Tuesday, October 11, 2011

Studi Kritis Sirah Nabawiyah versi Jalaluddin Rakhmat (2)


16 09 2010
Memurnikan Ajaran Islam
Dari berbagai komentar, yang menarik adalah yang disampaikan oleh Oman Abdurahman. Kang Oman menulis:
“Untuk sejarah Sirah Nabawiyyah saya setuju dengan metode Kang Jalal yang ternyata cukup ampuh. Banyak pertanyaan sekitar muatan hadist yang saya rasakan mengganggu dapat terpecahkan dengan solusi hasil dari metode tersebut. 

“Selain dari itu, metode tersebut membuat kita lebih kritis dan mengantarkan pada temuan-temuan yang terkadang mencengangkan, di samping juga lebih memurnikan ajaran Islam dari takhayul, mitos, dan rekaan-rekaan.

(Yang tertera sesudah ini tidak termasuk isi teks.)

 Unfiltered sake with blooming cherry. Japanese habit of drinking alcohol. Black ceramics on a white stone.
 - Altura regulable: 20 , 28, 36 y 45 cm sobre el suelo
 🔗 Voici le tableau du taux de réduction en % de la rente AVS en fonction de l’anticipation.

“Asumsi bahwa Nabi Muhammad saw sebagai uswatun hasanah sangat ampuh dalam menjawab keraguan-raguan terhadap muatan beberapa hadist yang dikenal selama ini. Sebagai contoh, hadist tentang cara menanam kurma yang mashur sebagai asal-usul atau asbabun nujul hadist yang terkenal “Antum ‘alamu bi umuri dunyaukum” yang membawa konsekuensi pemisahan antara urusan dunia dengan urusan akhirat, dengan metode studi kritis atas hadist (Sirah Nabawiyah) patut dipertanyakan kembali. Masa Rasulullah saw yang mulia yang dalam kehidupan sehari-harinya aktif dalam urusan sosial dan urusan hidup sehari-hari (berdagang, ikut berperang sejak kecil mempertahankan kabilah) tidak mengenal cara menama kurma? Akan sangat mengurangi kemuliaannya apabila seorang Rasul penutup para utusan Allah tidak sadar akan ucapannya yang sangat besar implikasinya itu.

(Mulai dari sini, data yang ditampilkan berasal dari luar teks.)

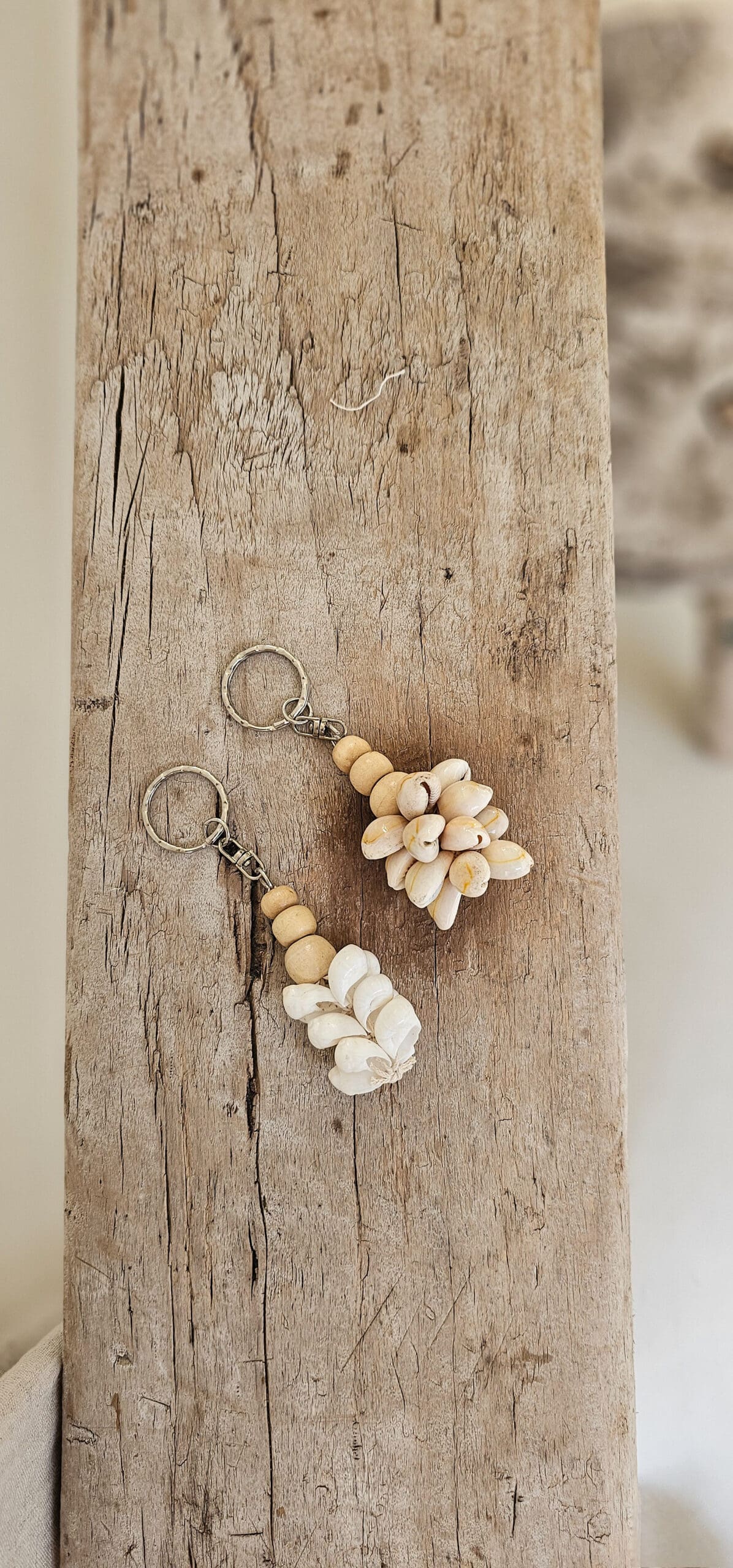 Superleuke sleutelhangers. Voor aan je sleutelbos maar ook leuk om aan je tas te hangen. Deze is met kaurischelpjes.

“Demikian pula hadist tentang asababun nuzul turunnya surah Al Falaq dan An Naas yang bertentangan dengan tingkat kesadaran spiritual Nabi saw (sehingga tidak mungkin seorang Nabi saw terkena sihir. Bila hendak menjadikan surah tersebut untuk mencegah sihir dan sejenisnya, Alloh tidak perlu merendahkan derajat Nabi saw – sampai harus terkena sihir segala macam- sebagai asbabun nuzulnya). Banyak lagi peristiwa yang diberitakan sejumlah hadist yang patut kita kritisi. Semua itu tidak bermakna kita harus menjadi atau mendapat label sebagai ‘inkar sunnah’.

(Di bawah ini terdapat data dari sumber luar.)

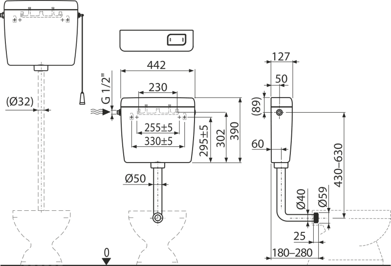 • Flush set for the high-lying cistern (cord, handle, lever)

Komentar Kang Oman tersebut mengingatkan saya pada sesepuh Jawa Barat Tjetje Hidayat Padmadinata dalam acara diskusi buku “Api Sejarah” di Redaksi Pikiran Rakyat Bandung. Tjetje Hidayat Padmadinata menerangkan, sekarang ini era reformasi sehingga setiap orang bebas untuk berpendapat dan menyampaikan pemikirannya asal berdasarkan dalil yang jelas. Mungkin dalam hal ini didasarkan pada kajian ilmiah yang kebenarannya menjadi standar dunia. Karena itu, label “inkar sunnah” bagi yang mengkritisi sunnah Nabi atau sirah nabawiyah tidak perlu dihiraukan. 

Saya kira munculnya label “inkar sunnah” lahir dari mereka yang tidak mampu untuk “bertarung” secara ilmiah dalam membuktikan kebenarannya.


Abdul Karim Souroush
Saya juga jadi teringat pada Abdul Karim Souroush bahwa pemahaman agama oleh sebagian umat Islam telah dijadikan sakral dan yang sakral berupa “nash-nash” malah ditinggalkan. Dari hal inilah tampaknya kita perlu membedakan antara agama sebagai kebenaran dan agama sebagai identitas yang lahir dari berbagai tafsir atau pemahaman dari “nash” agama.

Saya kira Kang Oman lebih tahu tentang sejarah munculnya aliran yang disebut inkar sunnah di Indonesia kemudian merebak di Malaysia. Pada kajian kali ini, aliran tersebut, saya yakin tidak akan disematkan oleh jamaah yang cerdas dan tercerahkan pada mereka yang bersikap kritis dan hendak ‘membersihkan’ berbagai kotoran yang menodai sosok Baginda Al-Mushthafa Nabi Muhammad saw.